When I started writing Go professionally, I didn't expect it to become my default tool for everything backend. But after years of building systems that handle real traffic and real failure modes, I keep coming back to it.
Why Go Works for Backend Systems
Go's simplicity is not a limitation, it's a feature. When your system is handling thousands of requests per second, you want every line of code to be predictable. Take a look at this:
func (s *Service) ProcessOrder(ctx context.Context, order Order) error {
if err := s.validate(order); err != nil {
return fmt.Errorf("validation failed: %w", err)
}
return s.repo.Insert(ctx, order)
}You can understand clearly what each line does. And because of the types and the language being compiled, most of the LSPs work perfectly, making it as easy as coding or debugging can possibly be.
The Case for Clean Architecture
Separating your domain logic from infrastructure is not academic exercise.
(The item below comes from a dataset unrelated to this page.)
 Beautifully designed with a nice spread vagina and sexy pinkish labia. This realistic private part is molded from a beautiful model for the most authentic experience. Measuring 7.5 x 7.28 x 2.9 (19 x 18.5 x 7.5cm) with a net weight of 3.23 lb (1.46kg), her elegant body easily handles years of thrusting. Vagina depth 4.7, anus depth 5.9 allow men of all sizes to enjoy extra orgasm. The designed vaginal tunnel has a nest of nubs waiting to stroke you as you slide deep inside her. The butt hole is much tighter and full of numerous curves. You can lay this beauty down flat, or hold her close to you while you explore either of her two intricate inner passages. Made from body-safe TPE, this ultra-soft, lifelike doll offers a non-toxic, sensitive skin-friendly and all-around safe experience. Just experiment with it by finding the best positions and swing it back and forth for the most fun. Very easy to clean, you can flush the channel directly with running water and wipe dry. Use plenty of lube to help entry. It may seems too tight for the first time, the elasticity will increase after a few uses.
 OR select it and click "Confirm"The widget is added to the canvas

It pays off the first time you need to swap a database driver, change a queue provider, or write a test without spinning up Docker (but when I do, I use testcontainers).
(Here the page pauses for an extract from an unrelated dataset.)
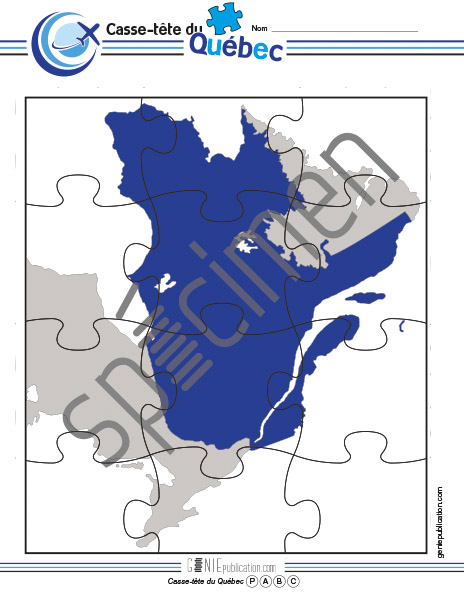 Casse-tête représentant la carte du Québec. L'enseignant ou l'enseignante peut l'imprimer sur du papier cartonné et le découper afin que ses élèves puissent réaliser le casse-tête selon l'image fournie.

The architecture should scream the use case, not the framework.
The layered approach I follow:
- HTTP handlers: thin, parse request, call service, return response
- Application services: orchestrate business logic, no infrastructure details
- Repositories: data access behind interfaces, swappable implementations
- Infrastructure: database, cache, external APIs, all behind interfaces
The elephant in the room
Yeah, I am talking about Go, but whenever we start this discussion something else comes along: which ORM will we use?
Usually, it depends. As Andreia, my co-worker and friend presented in a GopherCon, each case has its own advantages, for instance, if you are just building a simple CRUD, it is easier to choose, but if performance matters, vanilla SQL is superior. And more than that, SQL is already settled, while most ORMs may suffer from security issues, lack of features and so on. As another friend says in his site Boring SQL
Over 50 years old and [SQL is] still one of the most in-demand programming languages.
My DBMS of choice is PostgreSQL. Between JSONB for the times you actually need schema flexibility,
CTEs for readable complex queries, and rock-solid ACID guarantees, it covers virtually every use case I have encountered.
Add pgx as the driver and you get connection pooling, prepared statements, and native type support without the ORM overhead.
Boring Technology Wins
PostgreSQL over the shiny new database. Standard library over the trendy framework. Explicit error handling over exception magic. These choices compound over years of maintenance.
The best system is the one that never wakes you up at 2 AM. The second best is the one you can actually debug when that happens.